In 2019, gate.ruhr GmbH was already approved for a grant of 14,585,099.30 euros. Now an increase of a further 2,538,544.62 euros has been approved for the same project purpose, resulting in a total of the above-mentioned funding amount of more than 17 million euros.
The goal of the gate.ruhr project is the development, preparation and marketing of commercially used areas with a size of about 12.5 hectares. It is intended to strengthen the adaptability, competitiveness and self-reliance of the region around the city of Marl, which is affected by structural change. This is intended to compensate for the loss of many jobs as one of the effects of the end of coal mining.

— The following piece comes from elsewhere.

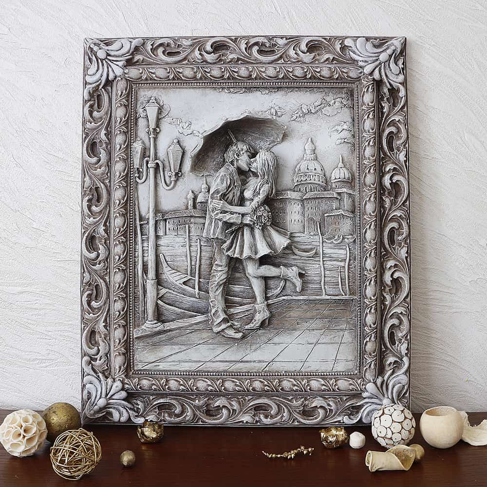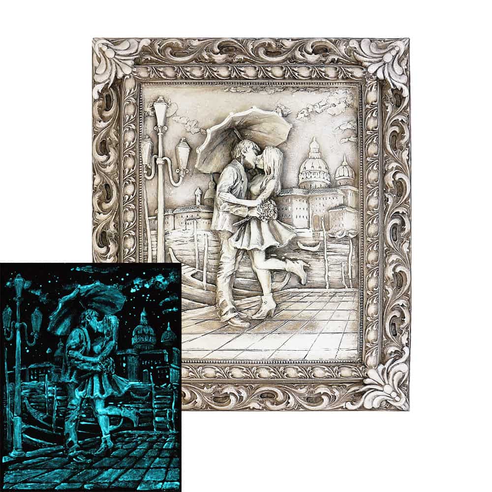 Барельеф светящийся "Пара под зонтом" 52х62 см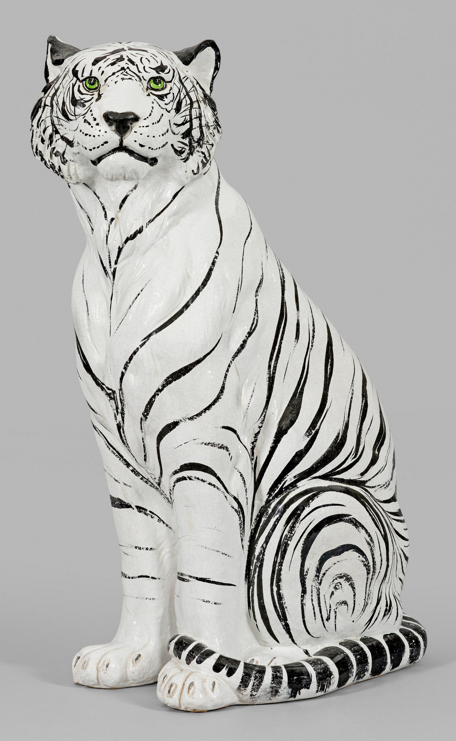 Keramik. Vollplastische, naturalistische Darstellung des sitzenden, schwarz-weiß gestreiften Tigers mit leuchtend grünen Augen. Polychrom staffiert. Ger. Glasurdefekte. H. 83,5 cm.

The site is also an attractive location for international companies, as it is closely connected to the motorway, rail and canal networks. The development measure is expected to attract new companies and thus create up to 1,000 new jobs and apprenticeships.
The total eligible expenditure amounts to 20,256,287.69 euros. The funding rate is 90 percent. The funds come from the Federal-Land Joint Task “Improvement of the Regional Economic Structure” (GRW) and are borne half by the Federal Government and half by the Land.